C’est le 7 décembre dernier que j’ai commencé à écrire Le Docteur Pascal, et je le terminerai sûrement vers le milieu de mais. Le premier chapitre paraîtra, dans La Revue hebdomadaire, le samedi 18 mars ; et, comme il y aura quatorze chapitres et qu’un chapitre paraîtra dans chaque numéro, la publication s’achèvera le samedi 17 juin. C’est vers le 15 que le volume sera publié chez Charpentier.

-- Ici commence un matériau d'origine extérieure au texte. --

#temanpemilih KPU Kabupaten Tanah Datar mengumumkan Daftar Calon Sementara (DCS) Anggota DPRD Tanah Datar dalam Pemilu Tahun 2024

J’ai actuellement écrit quatre chapitres dont je suis content. Vous savez que je me satisfais bien difficilement. Mais ce qui me soutient, cette fois, c’est que je crois tenir une bonne conclusion à la série entière. Il me semble que, dans le plan, j’ai réussi à mettre le nécessaire, sans tricher avec les multiples questions qui se posaient. C’est bien la fin des Rougon-Macquart que j’écris, historiquement, scientifiquement et philosophiquement. Voilà trois vilains adverbes, mais ils disent avec netteté ce que je veux dire. Je n’espère point un gros succès, tumultueux comme celui de La Débâcle ; mais je serai ravi, si l’on trouve que j’ai été jusqu’au bout de mon œuvre sans défaillance, et si l’on juge que ce dernier roman est bien le nœud qui arrête la chaîne des dix-neuf autres. J’ai essayé de finir simplement et grandement. »

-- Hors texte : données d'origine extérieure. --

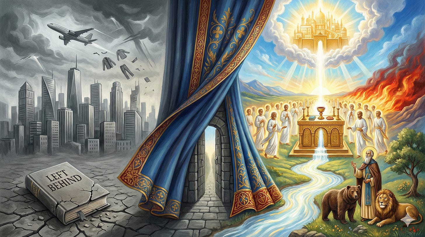 This is the Rapture, as imagined by the Left Behind franchise, the most commercially successful depiction of the evangelical conception of the “end times” in American history. Sixteen novels. Four films. Tens of millions of copies sold. And behind it, a theological framework so thoroughly embedded in American Protestantism that most churchgoers assume it comes straight from the Bible.

Lettre à Jacques van Santen Kolff, 25 janvier 1893.

« Je ne sais où vous avez pris les renseignements dont vous me parlez, sur Le Docteur Pascal. Ils sont exacts, bien qu’un peu déformés. Ainsi, il est très vrai que le fils de Maxime, Charles, se trouve en présence de tante Dide, sa trisaïeule, la mère, la souche de toute la famille. Voici vingt ans que je la réserve pour cette rencontre dernière. Il est très vrai aussi que j’avais songé à utiliser certains détails qu’on m’avait fournis sur les tourments intimes endurés par Claude Bernard ; mais les nécessités de mon récit, le cadre dans lequel il faut que je m’enferme, ne m’ont pas permis de les employer comme j’aurais voulu ; on n’en retrouvera que des miettes dans mon œuvre. Enfin, il est encore très vrai que le livre finira par une mère allaitant son enfant. Il n’y a seulement rien là d’« idéaliste ». C’est au contraire, selon moi, tout à fait « réaliste ». La vérité est que je conclurai par le recommencement éternel de la vie, par l’espoir en l’avenir, en l’effort constant de l’humanité laborieuse. Il m’a semblé brave, en terminant cette histoire de la terrible famille des Rougon-Macquart, de faire naître d’elle un dernier enfant, l’enfant inconnu, le Messie de demain peut-être. Et une mère allaitant un enfant, n’est-ce pas l’image du monde continué et sauvé ?

Voici que j’ai écrit à peu près la moitié du Docteur Pascal, et je suis content, autant que je puis l’être. Ce qui m’amuse, c’est que j’y mets l’explication et la défense de toute la série des dix-neuf romans qui ont précédé ce vingtième. Enfin, ma passion littéraire s’y satisfait. »

Lettre à Jacques van Santen Kolff, 22 février 1893.